SOURCE RECORDS -
◆ ◆ ◆
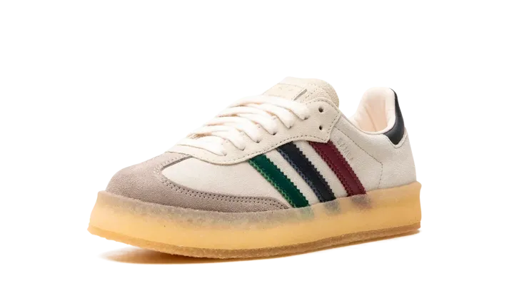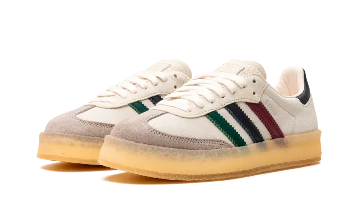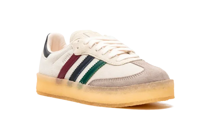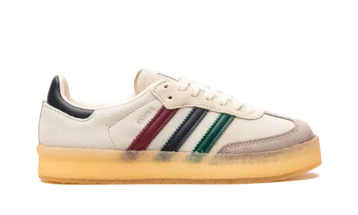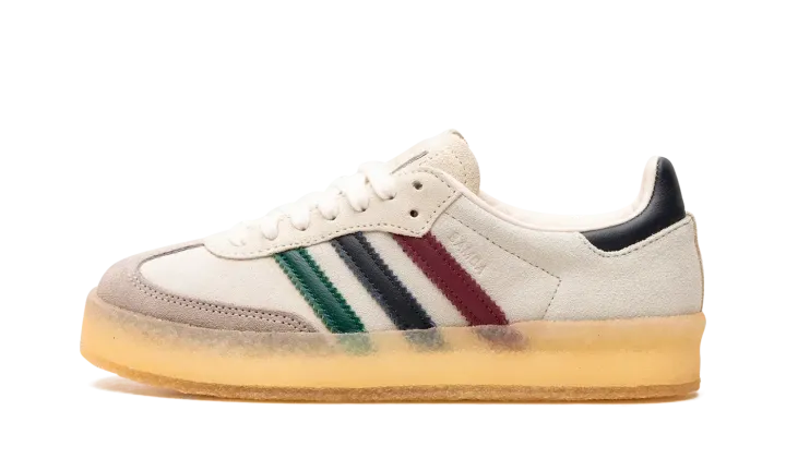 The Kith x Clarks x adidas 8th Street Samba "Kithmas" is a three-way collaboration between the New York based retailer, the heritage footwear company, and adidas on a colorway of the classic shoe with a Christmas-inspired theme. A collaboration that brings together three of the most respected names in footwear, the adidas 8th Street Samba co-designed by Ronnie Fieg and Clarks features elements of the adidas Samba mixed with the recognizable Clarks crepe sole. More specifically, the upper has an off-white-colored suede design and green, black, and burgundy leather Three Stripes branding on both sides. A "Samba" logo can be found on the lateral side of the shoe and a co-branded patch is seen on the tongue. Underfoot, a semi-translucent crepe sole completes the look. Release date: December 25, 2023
◆ ◆ ◆
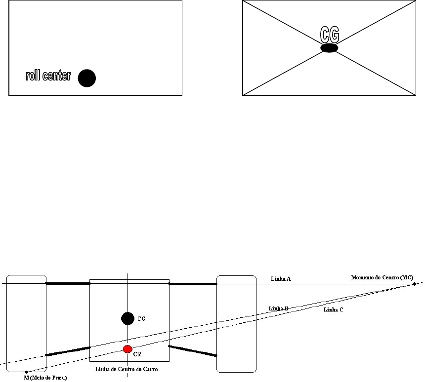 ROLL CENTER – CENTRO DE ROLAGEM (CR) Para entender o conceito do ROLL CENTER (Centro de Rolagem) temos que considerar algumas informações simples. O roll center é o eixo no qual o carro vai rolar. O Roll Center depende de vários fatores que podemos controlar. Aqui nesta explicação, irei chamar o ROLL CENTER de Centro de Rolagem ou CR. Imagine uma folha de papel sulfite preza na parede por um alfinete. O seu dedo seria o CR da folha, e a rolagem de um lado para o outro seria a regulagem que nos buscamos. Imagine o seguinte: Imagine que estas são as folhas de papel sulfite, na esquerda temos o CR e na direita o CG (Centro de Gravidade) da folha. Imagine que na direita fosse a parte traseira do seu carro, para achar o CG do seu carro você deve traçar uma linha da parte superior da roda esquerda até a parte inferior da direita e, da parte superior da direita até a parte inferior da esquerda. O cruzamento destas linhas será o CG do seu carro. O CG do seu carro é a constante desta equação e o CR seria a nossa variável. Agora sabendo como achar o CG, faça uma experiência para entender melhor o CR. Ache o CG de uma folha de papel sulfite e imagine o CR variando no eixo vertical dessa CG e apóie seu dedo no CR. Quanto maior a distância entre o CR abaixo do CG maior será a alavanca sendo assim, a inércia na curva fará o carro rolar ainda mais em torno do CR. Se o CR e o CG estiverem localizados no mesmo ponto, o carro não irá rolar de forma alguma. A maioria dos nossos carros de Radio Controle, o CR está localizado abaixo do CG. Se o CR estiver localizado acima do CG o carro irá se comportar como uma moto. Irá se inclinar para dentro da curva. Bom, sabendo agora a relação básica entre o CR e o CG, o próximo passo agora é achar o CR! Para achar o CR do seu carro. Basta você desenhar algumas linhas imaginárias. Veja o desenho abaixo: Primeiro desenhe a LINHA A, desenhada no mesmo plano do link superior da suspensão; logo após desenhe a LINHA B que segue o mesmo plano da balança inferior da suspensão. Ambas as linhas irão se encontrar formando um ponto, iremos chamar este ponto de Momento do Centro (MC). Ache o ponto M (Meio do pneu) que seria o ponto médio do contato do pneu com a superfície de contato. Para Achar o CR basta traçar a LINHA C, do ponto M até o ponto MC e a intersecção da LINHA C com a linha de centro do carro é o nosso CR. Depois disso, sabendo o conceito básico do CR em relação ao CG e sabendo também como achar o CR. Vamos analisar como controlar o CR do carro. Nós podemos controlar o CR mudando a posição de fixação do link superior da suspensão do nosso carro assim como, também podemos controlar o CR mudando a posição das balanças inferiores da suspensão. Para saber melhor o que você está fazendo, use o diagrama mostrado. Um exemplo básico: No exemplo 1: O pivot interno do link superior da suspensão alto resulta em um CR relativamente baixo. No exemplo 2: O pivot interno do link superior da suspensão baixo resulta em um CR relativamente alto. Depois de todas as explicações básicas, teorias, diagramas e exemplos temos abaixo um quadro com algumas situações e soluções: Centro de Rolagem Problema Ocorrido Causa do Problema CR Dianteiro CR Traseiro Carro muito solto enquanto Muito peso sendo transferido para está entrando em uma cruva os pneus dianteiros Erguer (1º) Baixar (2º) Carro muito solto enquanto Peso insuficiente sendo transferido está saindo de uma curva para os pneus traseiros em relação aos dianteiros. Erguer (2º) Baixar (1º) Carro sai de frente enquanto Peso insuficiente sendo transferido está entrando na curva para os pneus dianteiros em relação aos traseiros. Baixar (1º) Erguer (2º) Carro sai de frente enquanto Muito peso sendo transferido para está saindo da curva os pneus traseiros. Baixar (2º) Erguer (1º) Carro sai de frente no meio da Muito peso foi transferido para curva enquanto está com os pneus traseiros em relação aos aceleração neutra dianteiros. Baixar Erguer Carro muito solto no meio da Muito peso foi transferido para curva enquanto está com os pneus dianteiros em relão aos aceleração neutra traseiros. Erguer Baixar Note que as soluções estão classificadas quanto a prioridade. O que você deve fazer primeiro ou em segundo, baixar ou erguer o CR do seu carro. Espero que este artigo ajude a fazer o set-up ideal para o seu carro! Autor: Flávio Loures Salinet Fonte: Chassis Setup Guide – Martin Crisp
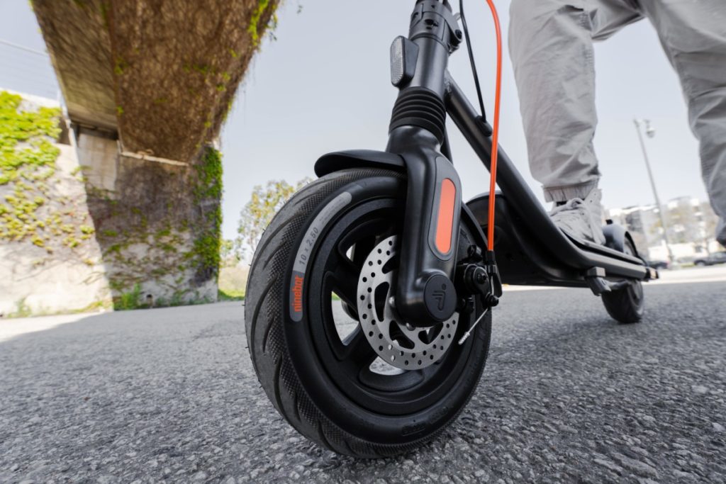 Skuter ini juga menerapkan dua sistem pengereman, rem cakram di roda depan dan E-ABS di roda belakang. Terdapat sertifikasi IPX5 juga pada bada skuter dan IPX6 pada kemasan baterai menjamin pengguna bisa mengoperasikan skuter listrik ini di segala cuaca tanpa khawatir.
◆ ◆ ◆
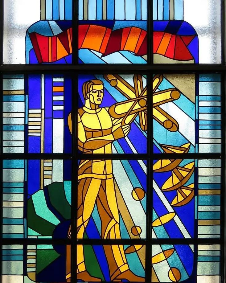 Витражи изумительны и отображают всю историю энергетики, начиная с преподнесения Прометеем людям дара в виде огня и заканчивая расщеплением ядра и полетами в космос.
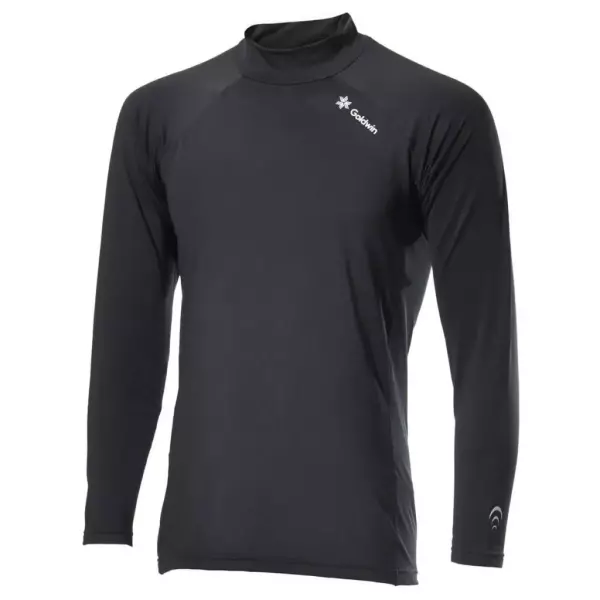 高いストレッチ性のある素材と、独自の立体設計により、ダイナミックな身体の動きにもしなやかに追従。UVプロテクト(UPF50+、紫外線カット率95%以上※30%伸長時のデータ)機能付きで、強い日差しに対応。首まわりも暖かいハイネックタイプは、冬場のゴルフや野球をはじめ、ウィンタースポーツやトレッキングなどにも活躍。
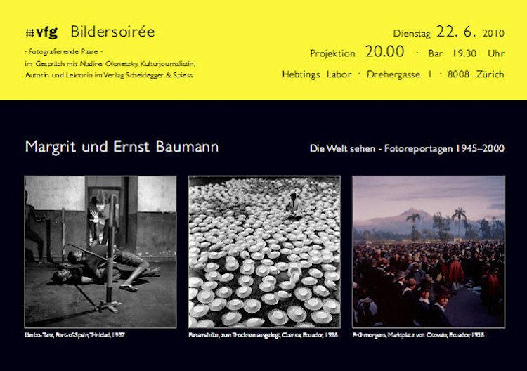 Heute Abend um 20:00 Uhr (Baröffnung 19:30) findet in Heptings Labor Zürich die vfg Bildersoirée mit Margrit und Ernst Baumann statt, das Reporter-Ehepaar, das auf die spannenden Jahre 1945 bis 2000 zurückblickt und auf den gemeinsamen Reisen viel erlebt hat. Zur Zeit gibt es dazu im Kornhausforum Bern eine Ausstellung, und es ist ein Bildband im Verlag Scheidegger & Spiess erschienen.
◆ ◆ ◆
PROBLEM STATEMENT - Would you output only the span of the records above that opens with the line containing "Витражи изумительны и" and closes with the line containing "高いストレッチ性のある素材と", ends included and pictures dropped?

COMPLETED EXERCISE -
 Витражи изумительны и отображают всю историю энергетики, начиная с преподнесения Прометеем людям дара в виде огня и заканчивая расщеплением ядра и полетами в космос.
 高いストレッチ性のある素材と、独自の立体設計により、ダイナミックな身体の動きにもしなやかに追従。UVプロテクト(UPF50+、紫外線カット率95%以上※30%伸長時のデータ)機能付きで、強い日差しに対応。首まわりも暖かいハイネックタイプは、冬場のゴルフや野球をはじめ、ウィンタースポーツやトレッキングなどにも活躍。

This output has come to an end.